DATA: Begin

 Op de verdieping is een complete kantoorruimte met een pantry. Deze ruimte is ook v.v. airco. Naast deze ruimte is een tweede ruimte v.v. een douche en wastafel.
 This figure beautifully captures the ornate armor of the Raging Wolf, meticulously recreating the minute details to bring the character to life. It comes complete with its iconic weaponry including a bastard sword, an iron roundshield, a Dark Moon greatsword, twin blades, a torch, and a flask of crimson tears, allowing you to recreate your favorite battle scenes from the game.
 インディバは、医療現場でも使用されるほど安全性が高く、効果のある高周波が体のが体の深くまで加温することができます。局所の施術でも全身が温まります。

DATA: End
DATA: Begin

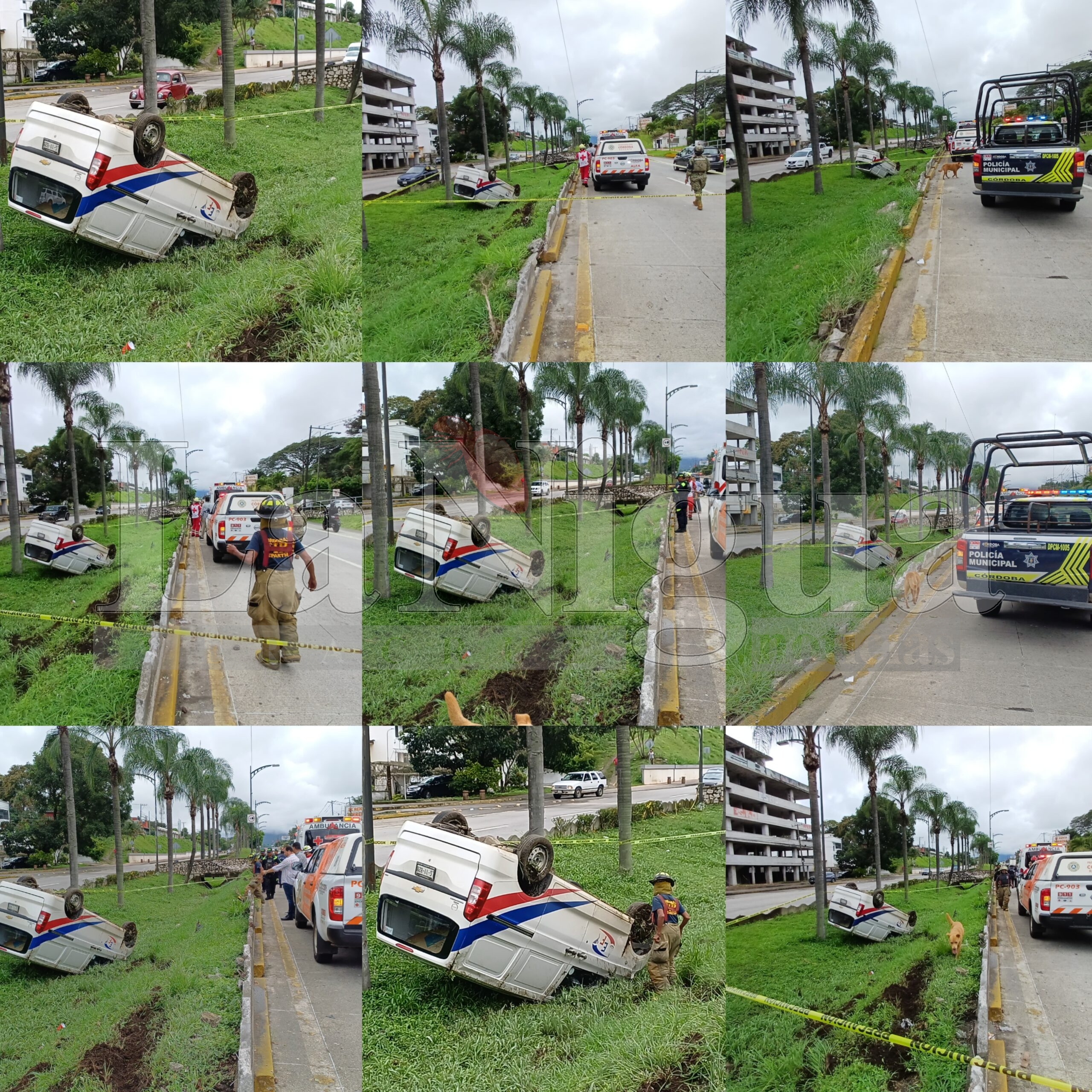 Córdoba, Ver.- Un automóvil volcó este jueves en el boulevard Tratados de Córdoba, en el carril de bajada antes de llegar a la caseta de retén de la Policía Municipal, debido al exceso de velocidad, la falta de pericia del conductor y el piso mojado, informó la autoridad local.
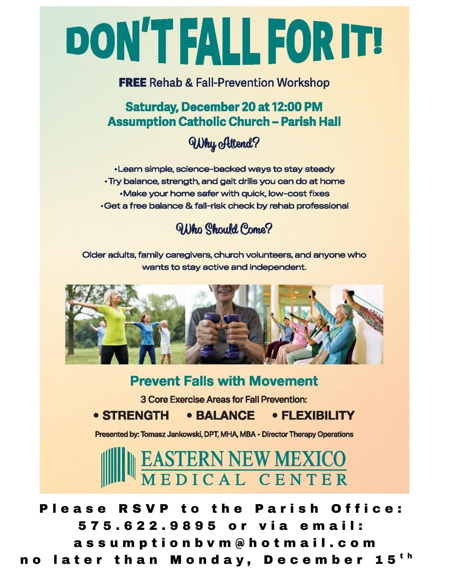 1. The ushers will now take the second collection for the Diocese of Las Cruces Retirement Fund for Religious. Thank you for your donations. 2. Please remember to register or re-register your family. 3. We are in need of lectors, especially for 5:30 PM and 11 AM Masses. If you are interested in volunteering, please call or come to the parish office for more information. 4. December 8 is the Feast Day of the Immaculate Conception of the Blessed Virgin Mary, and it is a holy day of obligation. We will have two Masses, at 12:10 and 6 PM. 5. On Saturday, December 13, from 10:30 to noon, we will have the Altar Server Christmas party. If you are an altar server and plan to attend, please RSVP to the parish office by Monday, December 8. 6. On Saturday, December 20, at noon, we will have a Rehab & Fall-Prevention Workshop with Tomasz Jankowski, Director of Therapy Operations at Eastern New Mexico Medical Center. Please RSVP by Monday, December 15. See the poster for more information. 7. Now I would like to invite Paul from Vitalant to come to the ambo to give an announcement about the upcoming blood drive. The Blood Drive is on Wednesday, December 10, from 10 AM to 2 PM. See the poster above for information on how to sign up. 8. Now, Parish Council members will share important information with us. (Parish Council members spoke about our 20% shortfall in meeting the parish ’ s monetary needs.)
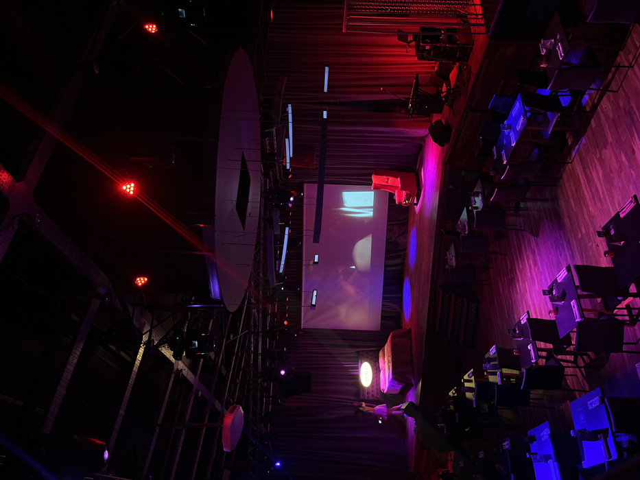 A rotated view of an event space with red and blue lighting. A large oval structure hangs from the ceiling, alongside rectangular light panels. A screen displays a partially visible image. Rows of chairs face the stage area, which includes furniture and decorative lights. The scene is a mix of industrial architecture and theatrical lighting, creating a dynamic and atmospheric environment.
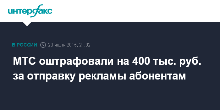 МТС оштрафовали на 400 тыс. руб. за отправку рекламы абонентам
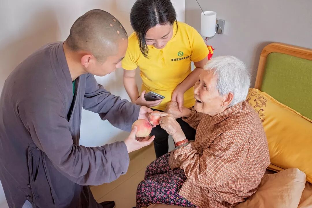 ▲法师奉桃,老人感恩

DATA: End

▶ [TASK DIRECTIONS]
Please give the number of lines above that contain the string "complete", and nothing more.

▶ [EXERCISE ANSWER]
2